The Oral Literature Research Programme is an independent research institution founded in 1989 by renowned Malawian cultural anthropologist Moya Aliya Malamusi, and his sister, the late Lidiya Malamusi. It is based in Chileka, Blantyre, Malawi, about a kilometre from the Chileka International Airport. Moya Aliya Malamusi (born in 1959) is an ethnomusicologist and lecturer at the University of Vienna and Sigmund Freud University (SFU, Vienna). Malamusi has done extensive research into guitar styles and techniques in southern Africa. He has also published a selection of his field recordings on CDs From Lake Malawi to the Zambezi (Frankfurt, 1999)and the DVD/CD Endangered traditions—Endangered Creativity (Frankfurt 2011).

Its objective is the systematic contextual recording and documentation of orally transmitted African cultural traditions, notably oral literature (storytelling, riddling, proverbs, sayings etc.), song/dance, musical instruments, local technologies, ritual events such as in the nyau secret society, or in chinamwali initiation. The centre is housed in a large private compound owned by Moya A. Malamusi and includes an office, the archival collections, some guest rooms for visiting researchers and a special building called the Jacaranda House which serves as a Museum of Ethnographic Objects open to visitors from schools and the public.

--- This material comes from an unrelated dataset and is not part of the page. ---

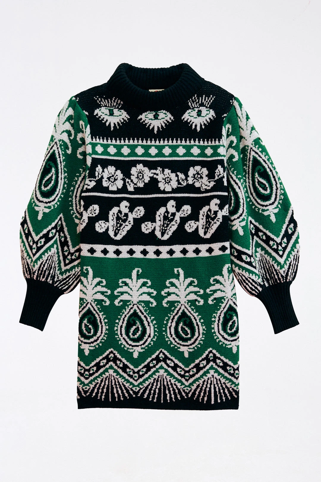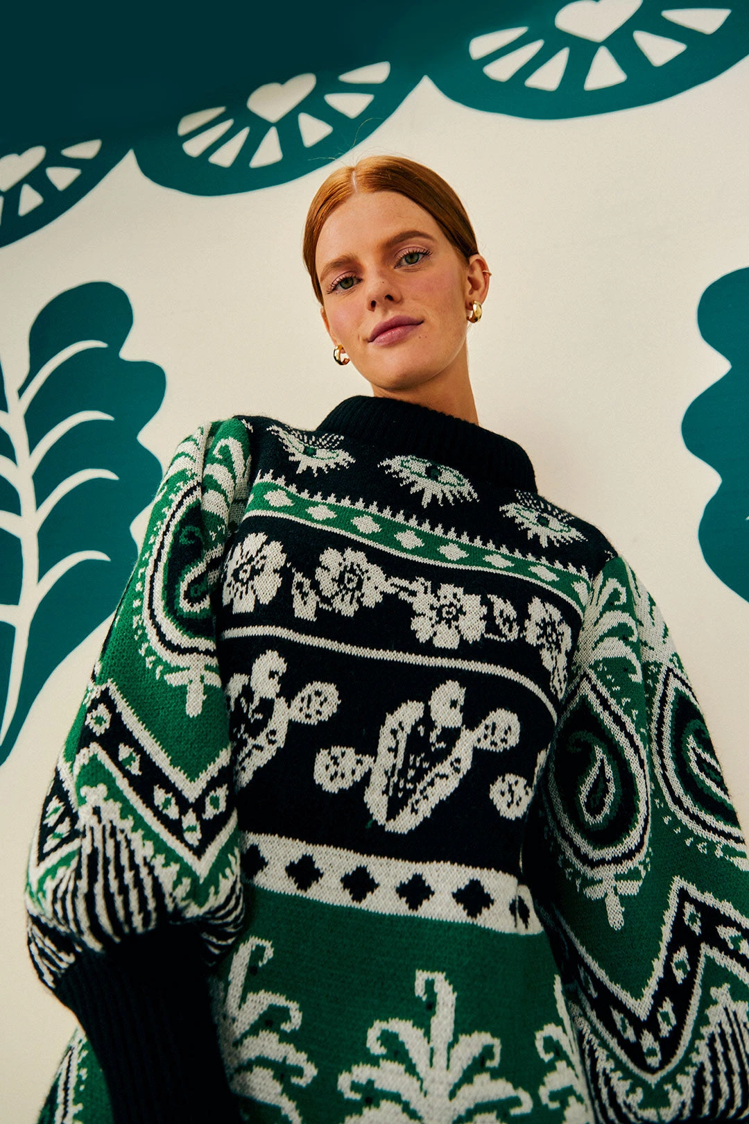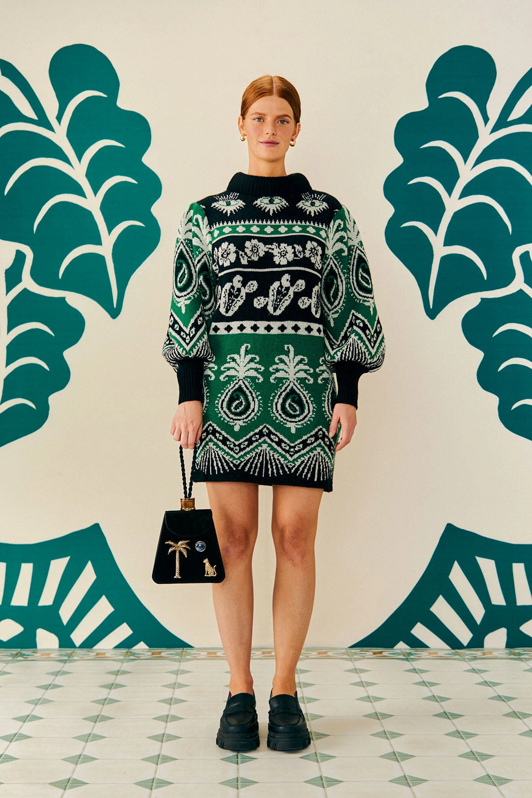 A timeless fave to elevate any occasion. The Mystic Scarf Sweater Dress brings a classic silhouette that embraces you and follows your bold moves at the same time. It has a snug neckline, long sleeves to deal with the breeze, and the print is an invite to get the best of all plans coming your way. So invite your bold FARM Rio Shoes to have fun all around!

The permanent members of the Oral Literature Research Programme include Mrs. Maliya Moya, a writer and oral literature researcher, Dyna Malamusi who has a journalism background, and the musician-composers Sinosi Mlendo and Christopher Gerald. External researchers, cooperating with the centre include Kayombo kaChinyeka and Moses Yotamu from Zambia, Albert Bisaso from Uganda, and Vera Mwinuka from Tanzania. The internationally renowned cultural anthropologist Gerhard Kubik is also associated with the center and spends long periods of study at the institution every year.

Dr. Malamusi's research group is in contact with other institutions across East and southern Africa including the Department of Fine and Performing Arts of the University Of Dar es Salaam in Tanzania through Dr. Mitchel Strumpf, and the International Library of African Music at Rhodes University, South Africa.

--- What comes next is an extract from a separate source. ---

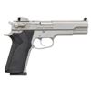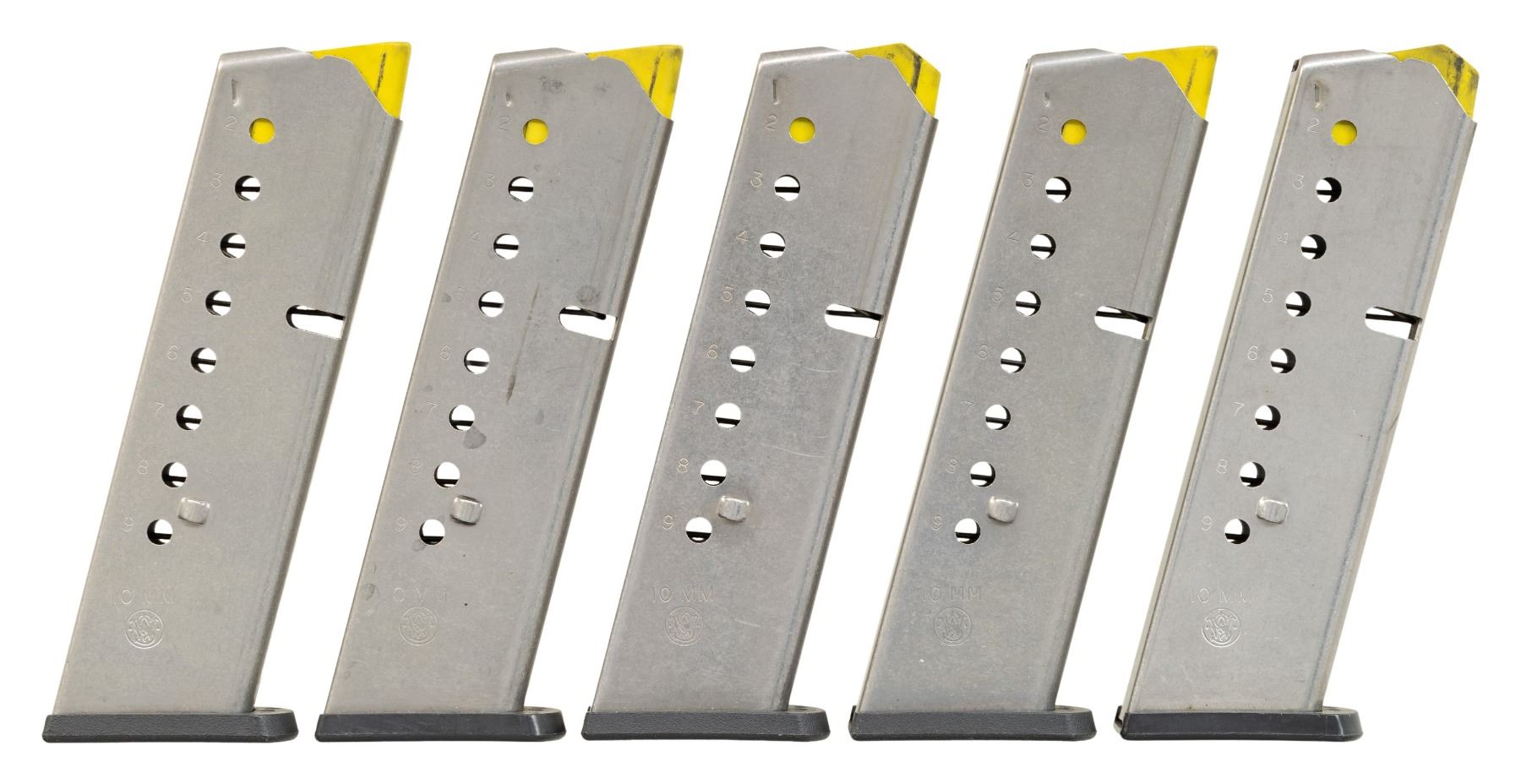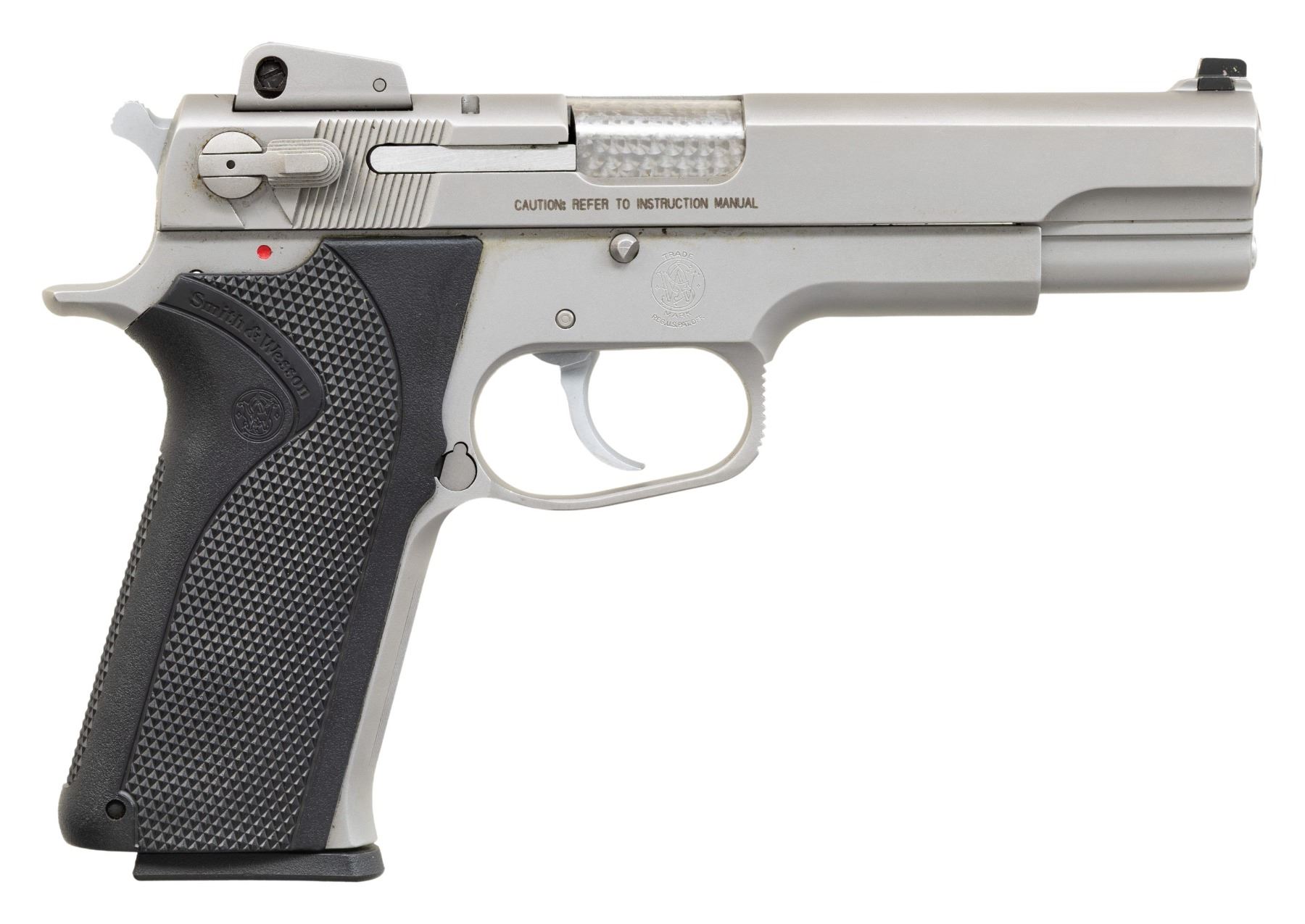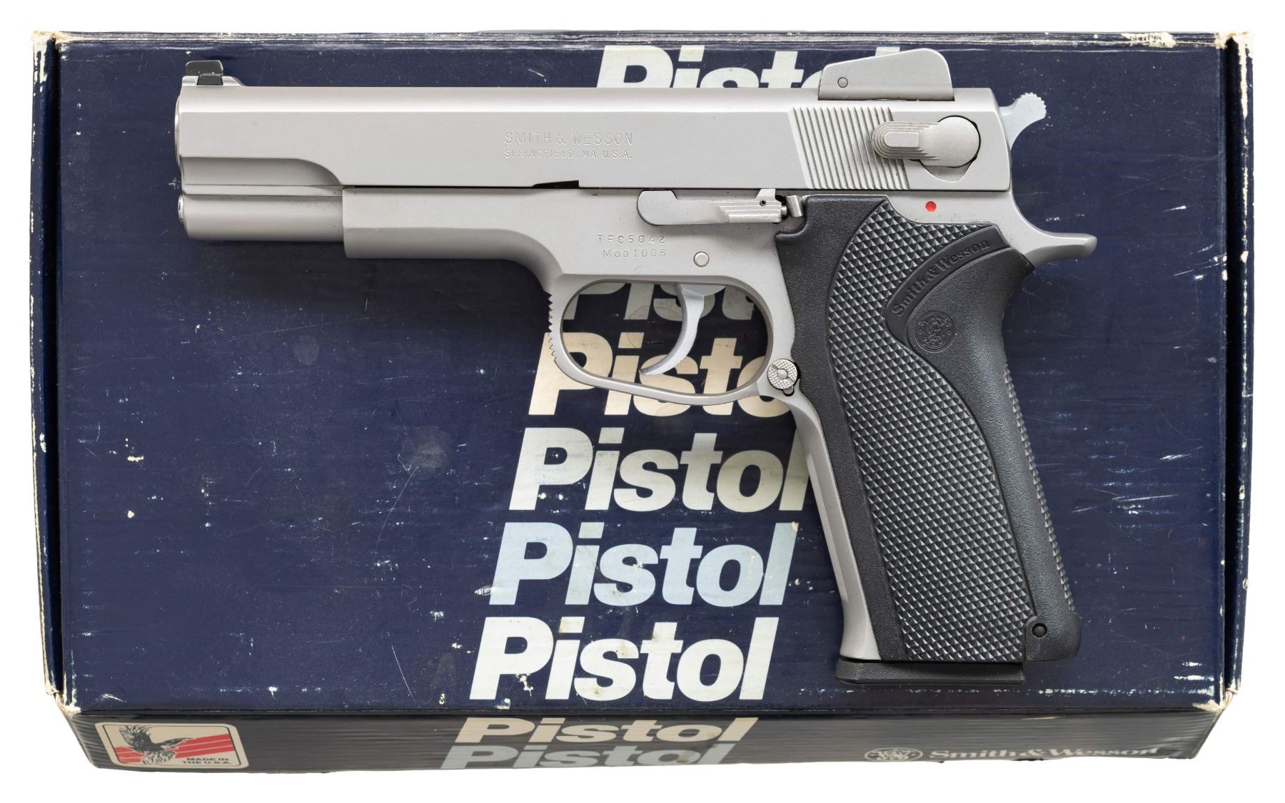 Cal. 10mm. S# TFC5042. Bbl. 5". Three dot sights with adjustable rear. Single stack 3rd Gen S&W auto pistol. Ambi safety that also acts as a decocker. Stainless finish with bbl. having a jeweled appearance at ejection port. Checkered black grips with S&W monograms. MAGS: 6-9 rd. factory. UNATTACHED ACCESSORIES: matching numbered factory box with cleaning kit. CONDITION: grips & metal show scattered light handling marks & usage wear. Action functions properly when hand cycled. Bright near excellent bore. (25-4893/MJC). MODERN. $400-600.

Over a period of 21 years they have built up a vast collection of recordings on audio and video tape, estimated to amount about 4,500 individual items. These include story-telling (nthano)in context, rare musical instruments, and historical performances.

The Museum of Ethnographic Objects houses rare musical instruments, now extinct, and also work utensils. It also houses the estate of the late Donald Kachamba, musician-composer.